Likewise, perhaps some people become aware much faster that their thoughts are not relevant to their current activities. Simply focusing on a task that requires one's attention, should theoretically prevent the kind of anxiety I experience when thinking about whatever issue causes anxiety for me. The practice of focusing on the breath should make me more skilled at mental focus in general, and help me to focus on whatever task I attempt.

That is another reason I am very interested in meditation--to help me achieve a better quality of focus while pursuing other goals (and this is closer to the line of the rest of this thread, I think). I'm not only distracted by anxiety-causing thoughts; I have a mind that tends to wander in general. This has a negative effect on, for example, my guitar practice and playing. I have seen many instrumentalists say that it is ideal to always be breathing while playing, and to make sure one isn't constricting one's breath or tensing up unnecessarily. This has been a great challenge for me, and one that I do not work on often enough.

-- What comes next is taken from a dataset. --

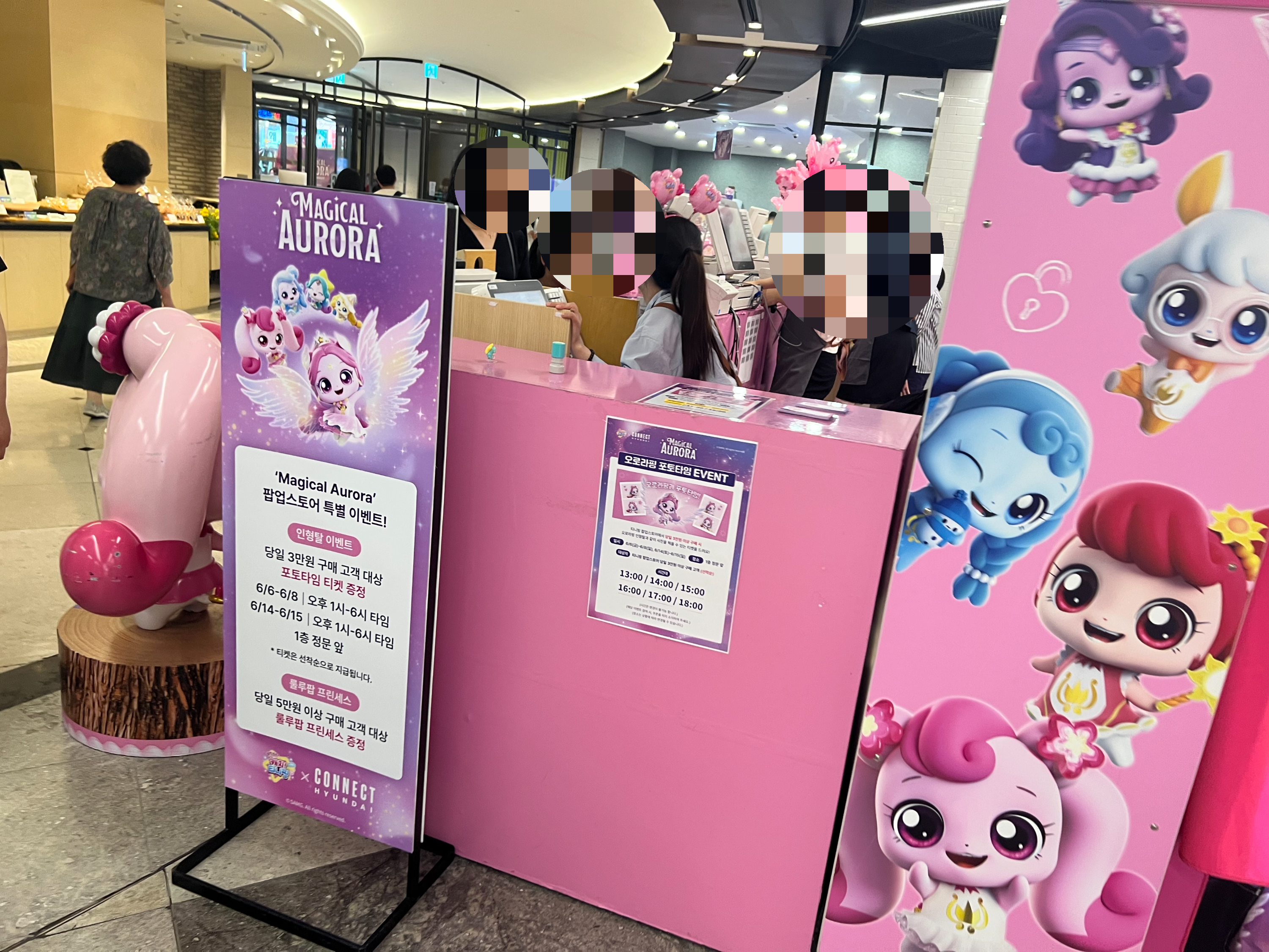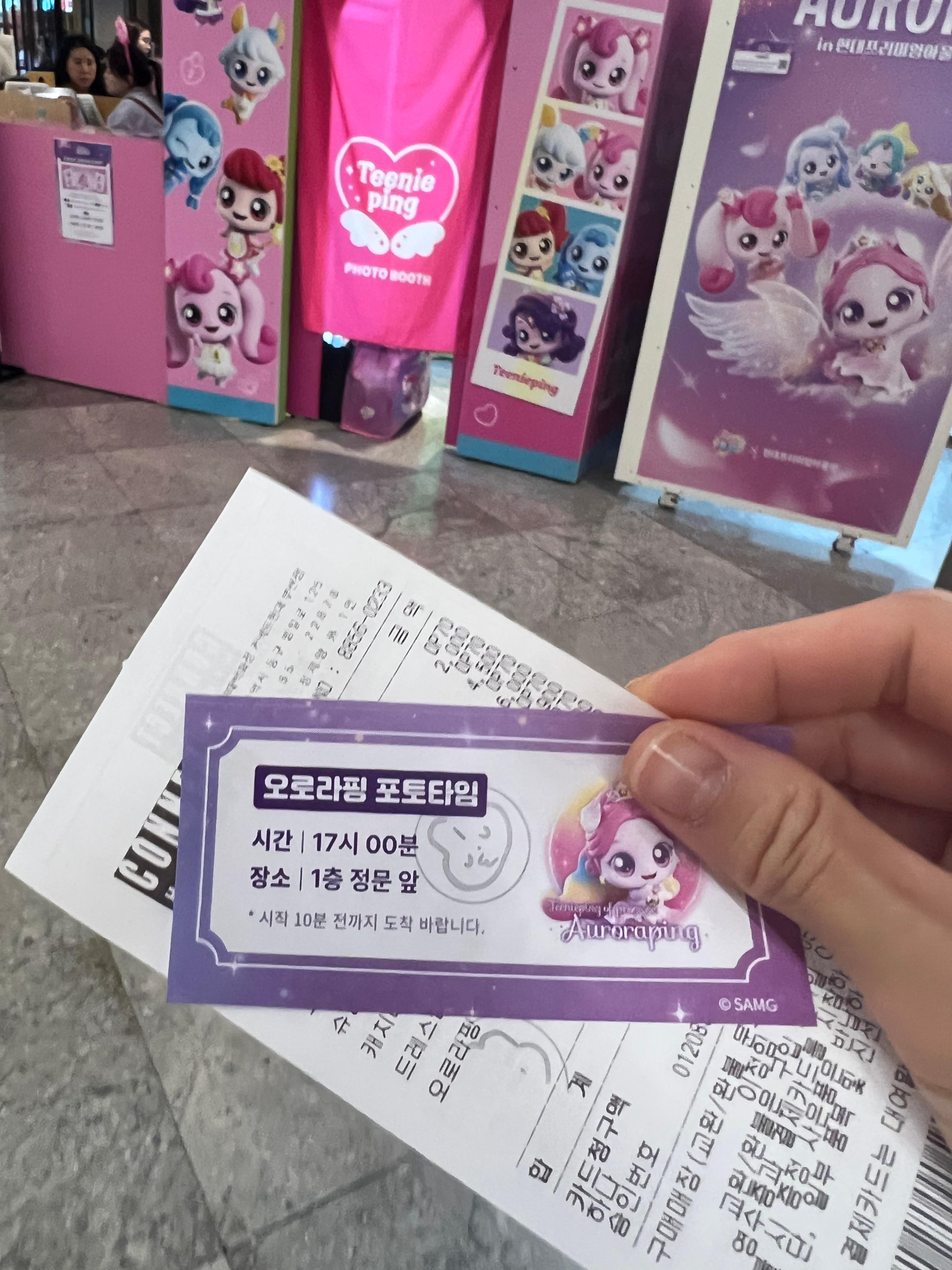 - 웨이팅 팁: 지하 2층에서 굿즈를 3만원이상 구매해야지만 포토티켓을 수령할수 있어요. 오로라핑과 사진을 찍고 싶은 분들은 제일 먼저 지하 2층으로 가서 굿즈를 구매하시길 추천드리고, 포토타임 15분전에 대기라인에 줄을 서면 제일 먼저 찍을수 있답니다.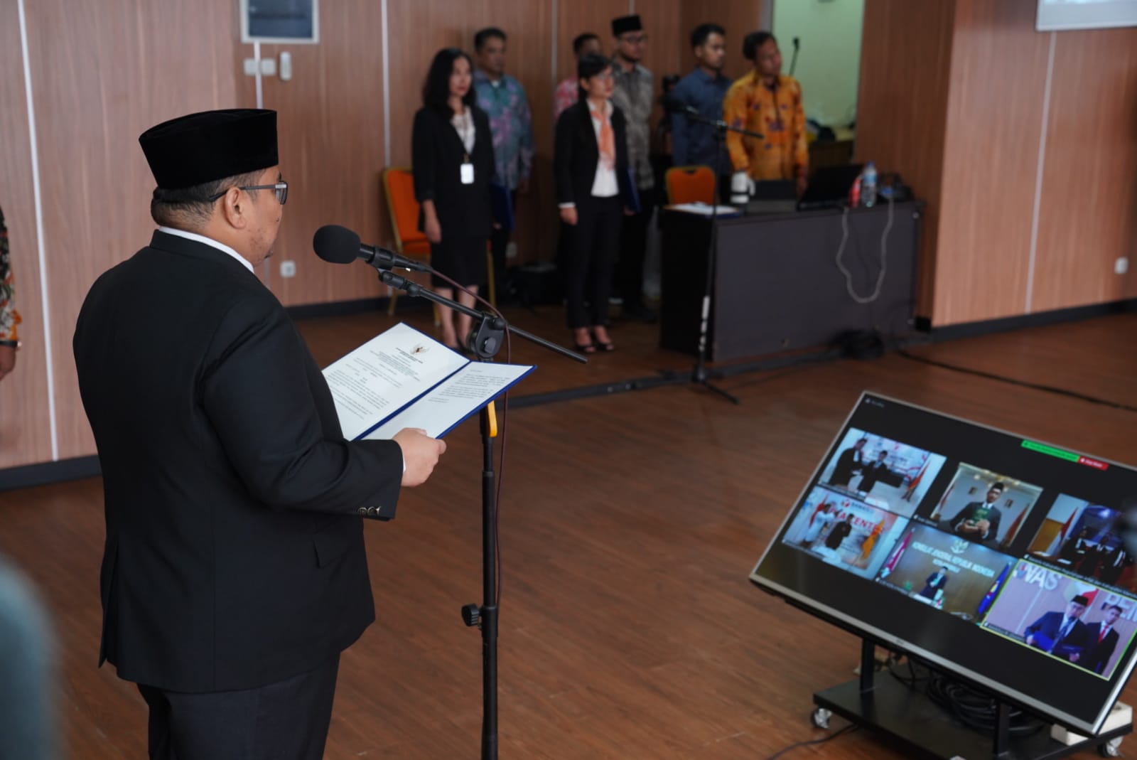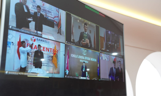 Suasana pelantikan dan pengambilan sumpah atau janji anggota dan penggantian antar-waktu (PAW) Bawaslu Kabupaten/Kota 2023-2028 serta Panitia Pengawas Pemilu (Panwaslu) Luar Negeri (LN) di Kantor Bawaslu, Jakarta secara dalam jaringan (daring) Sabtu (13/1/2024

I think that the ideal would be to keep a clear, calm mind at all times, and to integrate fuller breathing with every single daily activity. So when I think of it, I don't just sit down to meditate--I try to do it while I am actually being productive as well. That is, if I am doing a task that is automated enough that my mind can wander, then it is very good for me, instead of letting my mind wander, to focus on the breath, and posture as well, volitionally releasing any unnecessary tension.

The key is, again, thinking of it, and upon thinking of it, having the discipline to do it. It takes effort!